4. o is even, t is odd. Then we can take $|r_1|=o+t, |r_2|=t$ Then $r_1\circ r_2^2 = x-y$

I am leaving original answer as I don't know the etiquette for editing answers with better solutions. Please remove is appropriate.

Not exatly what you asked for but I came up with a sort of lower bound for r.

Let $n = 3^p \Rightarrow 2\log_3 n \le r$

This comes from following construction:

$p = 1$

Take a triangle. Let vertices of that triangle be: $\{1,2,3\}$ It is easy to see $r_1 = 2$. ($r_t$ being r of p=t case)

$p = 2$

Take three copies of p=1 case. Let $V_i ={i1,i2,i3}$ where i = 1,2,3

Add triangles of following structure: $ij$, $(i+1)j$, $(i+2)j$ for i,j in $\{1,2,3\}$ (Looping back to one when necessary) We have added one triangle to each vertex so $r_2 = r_1+2$

$p = k$

Take three copies of p = k-1 case. Let $V_i =\{ij_1j_2...j_{k-1}\}$ where $i = 1,2,3$ and $j_1j_2...j_{k-1}$ are vertex labels of resultant graph from $k-1$ case.

Add triangles of following structure: $ij_1j_2....j_{k-1},\; ij_1j_2...j_{k-1},\; ij_1j_2,...j_{k-1}$ for i,j in $\{1,2,3\}$. We have added one triangle to each vertex so $r_n = r_k-1+2$

In general we can see that $p = k \Rightarrow r = p*2$. Considering that $p = \log_3 n$ we get the previous assertion.

This is a crude drawing of this procedure for $p = 1,2,3$ (Only a single triangle shown for $p=3$ case.) (Also I drew lines instead of triangles in $p=2$ case as that is easier to visualize, please imagine the third edge being there.)

Notes:

I think this is the extent of what I am able to prove but I wanted to add couple observations that I consider interesting but have no real proof of.

A p=2 case has diameter equal to 2 so no additional edge can be added. That is not true for p>=3 case.

In fact there is quite large amount of triples of unconnected vertices such that distance between each pair is at least 3.

It seems to me that:

• For $p=3$ we can add 1 more triangle to each vertex. Such triangle would take form of $ijk,\, i(j+1)(k+1),\, i(j+2)(k+2)$. (Looping back to one when necessary)

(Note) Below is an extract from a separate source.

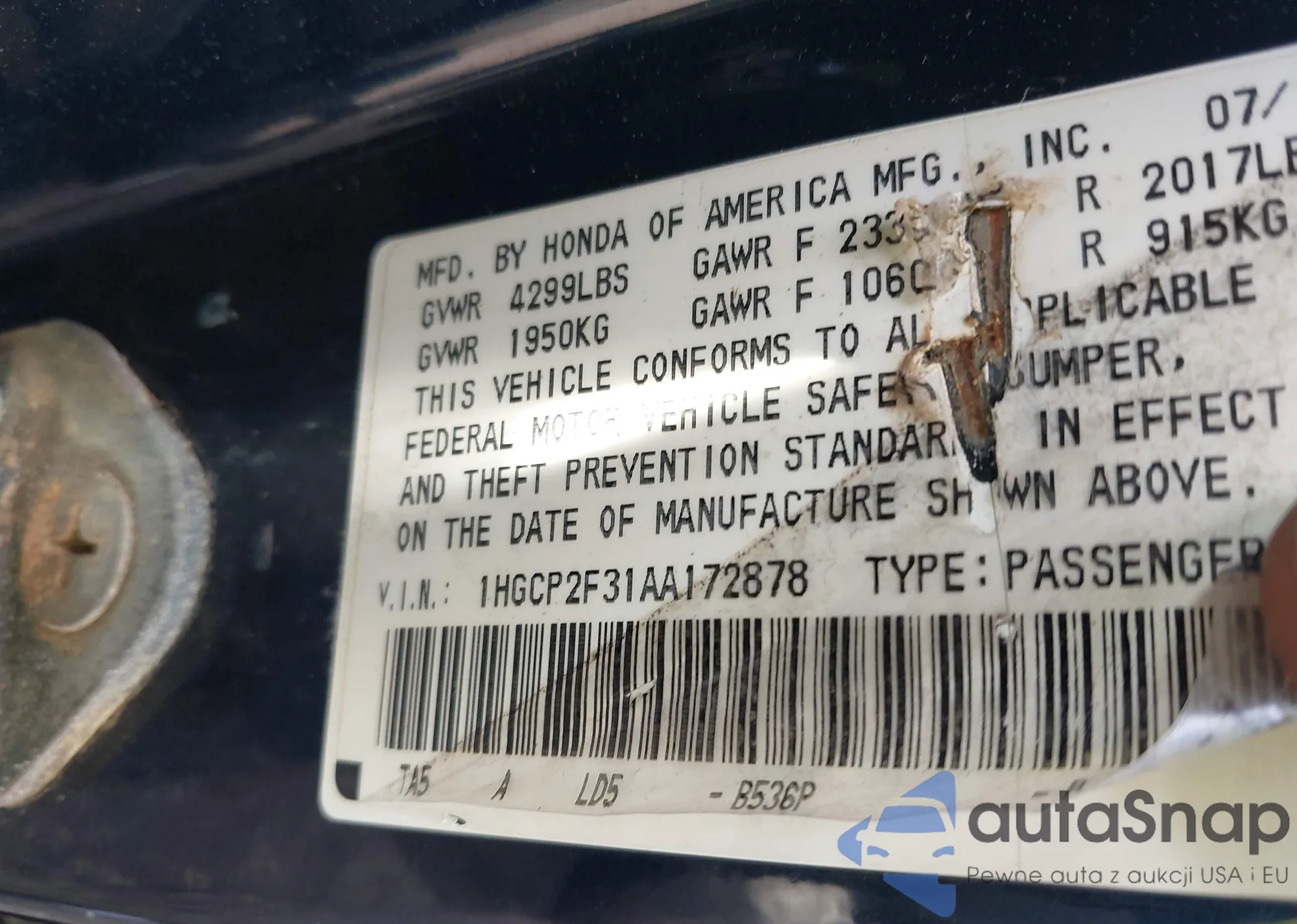 • VIN GHD5UB246162G0000

Drawing of example triangle. (There is a lot of missing edges here. Please imagine the missing ones)

If correct that would bring the diameter of that graph to 2 so no additional edge could be added.

• For $p=4$ it seems like we can add 4-5 triangles to each vertex instead of just 1. Though I am quite certain I made a mistake here, here is another crude drawing.

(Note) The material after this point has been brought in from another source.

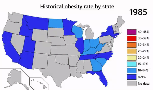 Obesity rates in healthy states now are worse than in the least healthy states in the 80s.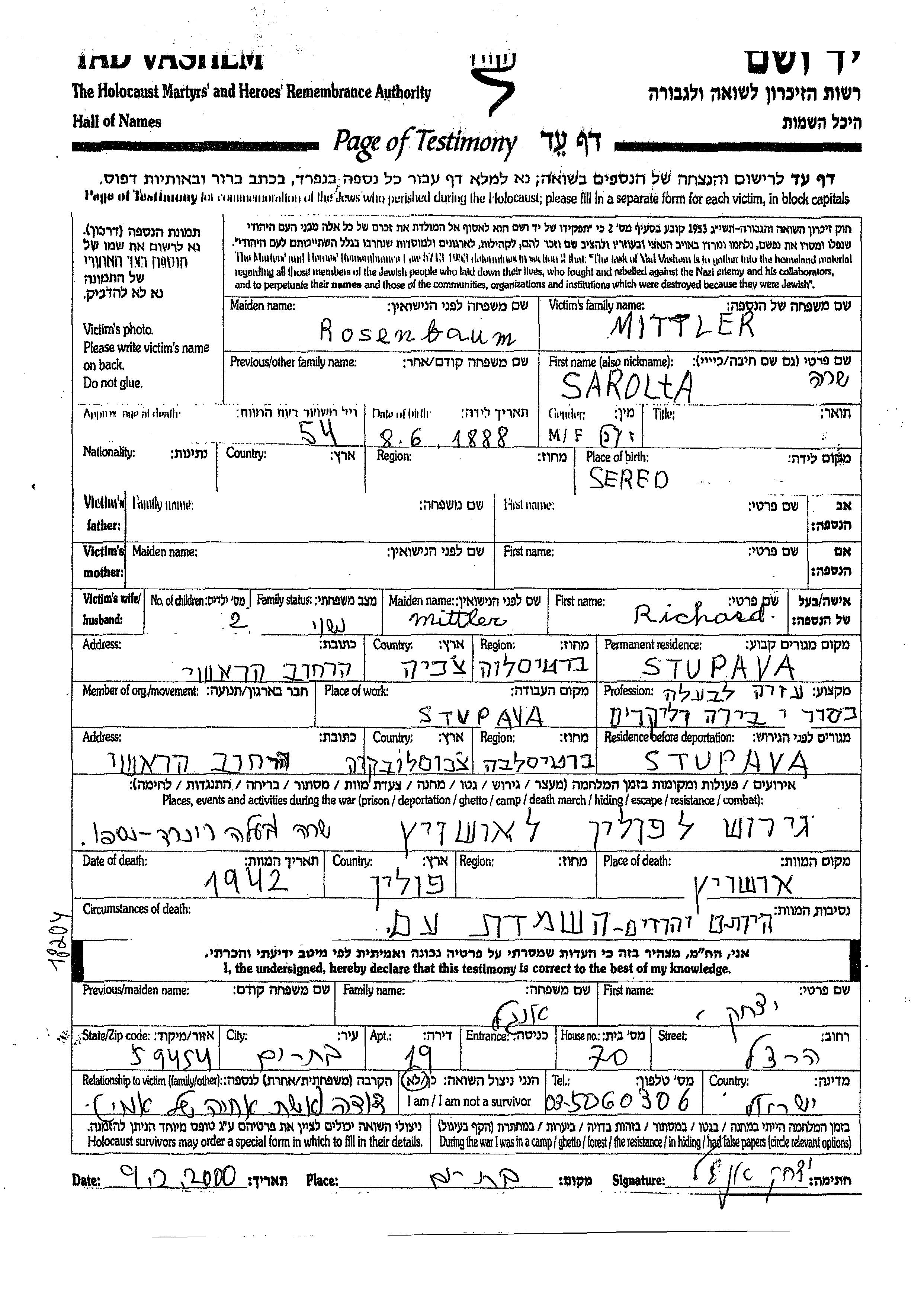 Yad Vashem - Pages of Testimony Names Memorial Collection

(There is a lot of missing edges here. Please imagine the missing ones)

I do not have enough skill to properly formalize or prove the $p=4$ case much less extend it further. But the idea of getting the lower bound for $r_n$ seems to be a promising one, at least when n is a power of 3.

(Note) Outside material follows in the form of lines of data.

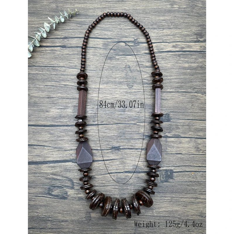 Buy Handmade Brown Geometry Wood Necklace & Pendant Vintage Statement Beads Chain Choker Long Wooden Jewelry Party Gifts Bohemian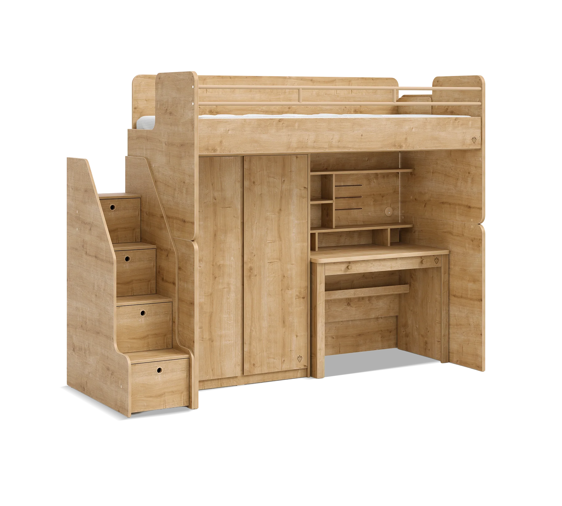 Durch die Kombination aus Untergestell, Oberbett, Schreibtisch, Kleiderschrank und Treppe entsteht dieses Hochbett aus der Studio-Kollektion von Cilek Möbel.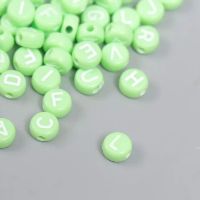 Бусины для творчества пластик «Английские буквы», зелёные, набор 20 г, 0.4×0.7×0.7 см — Характеристики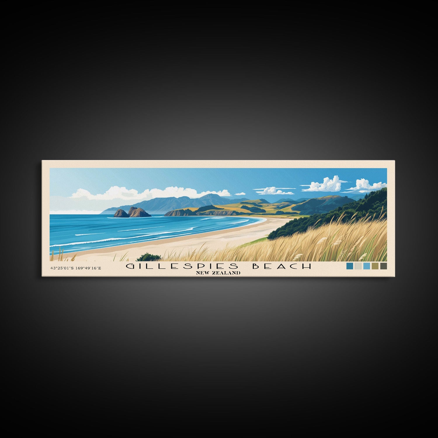 Gillespies Beach, New Zealand Panoramic Beach Print, Vacation Gift, New Zealand Wall Art, Framed Canvas Print, Framed Beach Painting
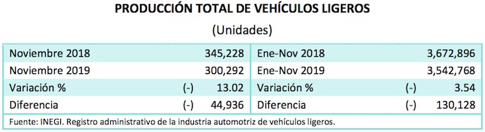 En noviembre la producción de vehículos fue de 300 mil 292 unidades y en el acumulado de once meses que lleva 2019 se han producido 3 millones 542 mil 728 autos. La cifra también fue menor, en 3.54 por ciento, a la sumatoria comparativa con el mismo periodo de 2018.

I think I will stop here for now. If I ever get back to it I will try to update the answer. Hope this helps somehow.

Answer 2

As a comment to the answer above. Here, OP uses the technique that can be generalised as follows. Given a finite abelian group X, take a $2m$-element subset $A=\{a_{1,1},a_{1,2},...,a_{m,1},a_{m,2}\}\subseteq X$ such that (with the additive notation):

1. $0\notin A$
2. $\forall(x\in A):-x\in A$
3. $\forall(i\in[m]):a_{i,1}-a_{i,2}\in A$
4. $\forall(i,j\in[m])\forall(r,s\in[2]):i\neq j\rightarrow a_{i,r}-a_{j,s}\notin A$

Consider the graph $G_{X,A}$ such that $V(G_{X,A})=X$ and $x,y\in X$ are adjacent iff there is an element $z\in A$ such that $x+z=y$. One may prove that $G_{X,A}$ is locally linear (furthermore, conditions 3, 4 are necessary for our graph to be locally linear). One may also prove that each element in $A$ has order $3$ (the abelian case is crucial here).

In the above example, OP chooses as $X$ the $k$-th power of the cyclic group of order $3$ (which gives an abelian group). Then we can take as $A$ all vectors in $X$ with their coordinates are all non-zero. Ordering $A$ such that $a_{i,1}=-a_{i,2}$, we see that $A$ satisfies 1-4. Of course, $|A|=2^k$ which gives $G_{X,A}$ is a $2^k$-regular locally linear graph and $r_{3^k}\geq2^k$.